BillingTree, in partnership with American Banker, recently conducted an annual survey of lending institutions in the U.S. One of the goals for the survey was to examine the top operational issues and concerns that lenders had, and then explore how this related to the things they valued most about their payment processing partners.
One of the key findings was that respondents identified fraud mitigation/data security as the most important factor affecting business growth. Compliance policy/procedure implementation/maintenance and increased operating expenses were tied as the second-most cited critical factor and loan technology upgrades/integration ranked a close third.
Respondents were asked to rate the list of potential concerns related to current lending operations. On a scale of 1 (lowest, least important) to 10 (highest, most important) fraud mitigation/data security received an average rating of 7.7, with more than a quarter of respondents (28 percent) giving fraud mitigation a rating of 10. The combined tie of compliance policy/procedure implementation/maintenance and increased operating expenses both received a mean ranking of 7.3. Loan technology upgrades/integration was rated at a 7.
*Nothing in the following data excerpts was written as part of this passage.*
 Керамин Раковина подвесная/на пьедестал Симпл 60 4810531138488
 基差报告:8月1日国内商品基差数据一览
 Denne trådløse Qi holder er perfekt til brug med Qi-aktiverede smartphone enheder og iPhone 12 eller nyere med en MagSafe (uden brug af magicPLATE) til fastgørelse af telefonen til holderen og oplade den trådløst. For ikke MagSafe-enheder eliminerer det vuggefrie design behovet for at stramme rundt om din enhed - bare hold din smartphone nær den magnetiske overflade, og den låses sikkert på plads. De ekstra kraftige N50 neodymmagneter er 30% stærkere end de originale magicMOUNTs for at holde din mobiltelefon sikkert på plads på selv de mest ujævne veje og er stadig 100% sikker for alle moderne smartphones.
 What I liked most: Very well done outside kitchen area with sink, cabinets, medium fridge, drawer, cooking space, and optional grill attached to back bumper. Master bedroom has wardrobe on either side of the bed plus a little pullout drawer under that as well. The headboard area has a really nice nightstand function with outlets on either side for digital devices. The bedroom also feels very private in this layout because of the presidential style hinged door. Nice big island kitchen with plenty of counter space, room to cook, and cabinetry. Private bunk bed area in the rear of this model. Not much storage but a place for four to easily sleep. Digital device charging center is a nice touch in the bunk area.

Considering the number of high profile security breaches in the past few years, the concern over data security comes as no surprise. Large security incidents recently included JPMorgan Chase’s August breach affecting 76 million households and seven million small businesses, Home Depot’s breach of 56 million card account records, and the Sony hack discovered in November, in which emails were stolen and hard drives destroyed.
Compliance concerns always loom large among consumer lenders, but the emergence of the Consumer Financial Protection Bureau (CFPB) and its recent enforcement actions have lenders on high alert. The CFPB has not yet issued its new rules on debt collection, but it has begun to issue enforcement actions. The resulting ambiguity and uncertainty is reflected in lenders’ concerns about compliance policy and procedures.
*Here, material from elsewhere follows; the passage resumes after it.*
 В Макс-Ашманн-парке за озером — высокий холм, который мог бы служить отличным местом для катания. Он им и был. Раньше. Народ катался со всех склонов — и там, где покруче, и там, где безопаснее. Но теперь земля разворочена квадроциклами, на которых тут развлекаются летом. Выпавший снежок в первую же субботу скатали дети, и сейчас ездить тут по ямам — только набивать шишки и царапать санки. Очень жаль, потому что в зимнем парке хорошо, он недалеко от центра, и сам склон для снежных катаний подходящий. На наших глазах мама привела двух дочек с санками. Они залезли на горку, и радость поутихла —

Managing operating costs in an environment where there is constant pressure to offer better service at a lower cost while maintaining compliance is a constant challenge for lenders. Online and mobile payment technologies factor heavily into lenders’ plans to enhance payment effectiveness. This in turn impacts operating costs while supporting compliance with payment and collections regulations.
While consumer lenders see opportunities for growth, they must also be mindful of growing risks to their organizations from fraud/data security, uncertainty related to regulation and compliance, and continuous pressures to control costs.
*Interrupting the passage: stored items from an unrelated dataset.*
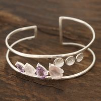 Rose Quartz and Amethyst Cuff Bracelet from India 'Dazzling Teardrops' Item ID: 2671790011
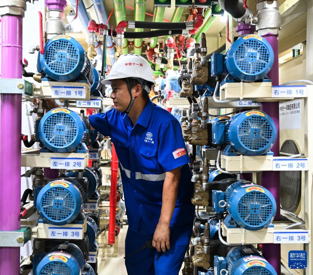 5月30日,施工人員在查看“鯤鵬號(hào)”盾構(gòu)機(jī)組件運(yùn)行狀況。
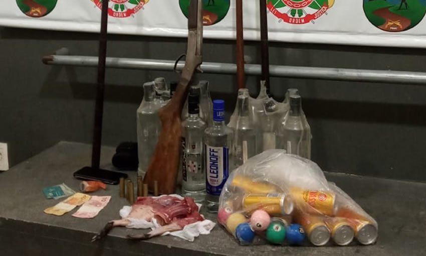 No local, também foi encontrada uma arma de fogo, munição e carne de caça. A denúncia do funcionamento do bar foi feita aos homens do Pelotão Ambiental e Grupamento de Operações Especiais (COE).

The biggest obstacles are the ‘unknowns’ associated with regulatory compliance and the potential risks. The biggest opportunities lay in leveraging technology to lower costs, while boosting customer loyalty through ongoing communications. Communications and collections technologies are useful tools in overcoming obstacles and capitalizing on opportunities, which is why payment processing partners as seen as strategic allies.
BillingTree conducted the survey of lending institutions in the U.S. The purpose of the survey was to understand the usage of payment technology solutions and the priorities of decision-making consumer lending professionals. As the industry navigates a shifting business and regulatory environment, survey results will help to establish a benchmark to examine trends year-over-year.